What you should remember

This chapter explained why the huge training lifecycle has a small mechanical center. The important idea is that training repeats one contract: feed shifted tokens, predict the next token, measure surprise, backpropagate the error, step the optimizer, and save enough state to continue.

You learned to trace one batch through token ids, logits, labels, loss, gradients, optimizer state, and checkpoint artifacts. That solves the mystery of a giant run because it gives you a concrete path to inspect when loss moves but the behavior or update looks wrong.

Carry this diagnostic forward: if a training run looks mysterious, reduce it to one batch. If you cannot explain the labels, masks, gradient accumulation, optimizer step, and saved state for that batch, you do not yet know what the run is training.

Remember:

  • Training is one small update repeated many times.
  • Inputs and labels are shifted views of the same token stream.
  • Loss says how surprising the right next token was.
  • Gradients say how to move weights so that token is less surprising.
  • Optimizer state and RNG state matter if a checkpoint must resume exactly.
  • A wrapper is safe only if it preserves this update contract.

Check your understanding of the training loop

  • What are the input and target sequences for next-token loss?
  • Why can gradient accumulation change scheduler behavior?
  • What graph would reveal exploding gradients before the run collapses?
  • Why must engineers understand the raw loop even when using Trainer?
  • Why is the objective local even when the learned behavior looks global?
  • What state must survive a checkpoint for the next step to be the same step?

Interview Q&A

Q. What are the five operations in a minimal training loop?
A. Forward pass, loss computation, backward pass, optimizer step, and gradient reset.
Common wrong answer to avoid: "Call trainer.train()."

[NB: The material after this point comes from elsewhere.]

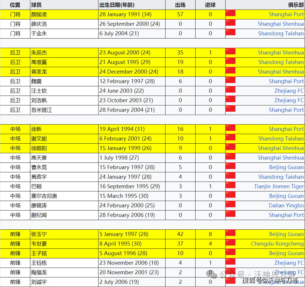 国足大名单:
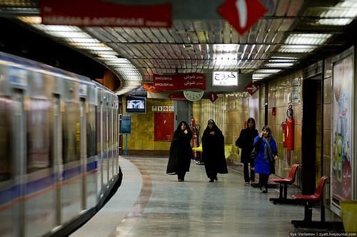 К сожалению, я не смог найти точной даты открытия Тегеранского метро. По одним данным метро открылось 21 февраля 2000 года, по другим - в 2001 году. Метро в Тегеране строили Китайцы. Метро мелкого заложения, есть открытые участки. Туристы часто рассказывают одну историю, что если спросить иранца, где метро, тот покажет на тротуар и скажет: "Там!", за все время мне никто на тратуар не показывал. Вообще по структуре метро в Тегеране очень напоминает метро в Лондоне. Похожие схемы, принцип организации станций. Снимать в метро почему-то нельзя. Я был в городе в 2010 году и ко мне постоянно подходили испуганные прохожие и говорили, что меня посадят за шпионаж, что сейчас набежит полиция и т.д. Пару раз подходили полицейские и пытались прогнать, один раз подошел сотрудник в штатском.

Q. Why does SFT still use next-token loss?
A. The examples change from raw text to instruction-response sequences; the local objective still predicts target tokens.
Common wrong answer to avoid: "SFT uses a completely different objective by default."

Q. What is the risk of gradient accumulation?
A. It reduces memory pressure but can confuse scheduler steps, logging, clipping, and effective-batch assumptions.
Common wrong answer to avoid: "It is exactly identical to a large batch in every way."

Q. Why does next-token loss create broad capabilities instead of only autocomplete?
A. Predicting text across diverse contexts forces compression of syntax, facts, procedures, style, and latent structure that help reduce token surprise.
Common wrong answer to avoid: "The model only memorizes the next word."

Q. Why is label shifting a high-severity bug?
A. If inputs and targets are misaligned, the model receives pressure for the wrong prediction problem while the code can still run and log a loss.
Common wrong answer to avoid: "Shape-compatible tensors mean the objective is correct."

Q. What does a training abstraction have to preserve?
A. It must preserve the forward/loss/backward/step/reset contract, correct masks, scheduler semantics, checkpoint state, and distributed data uniqueness.
Common wrong answer to avoid: "Any wrapper that runs is equivalent."

Apply now (10 min)

  1. Model the exercise: write the shifted input/target pair for a six-token sentence.
  2. Your turn: list what must be checkpointed to resume a run exactly.
  3. Reproduce from memory: sketch the conveyor belt loop and annotate where gradients exist.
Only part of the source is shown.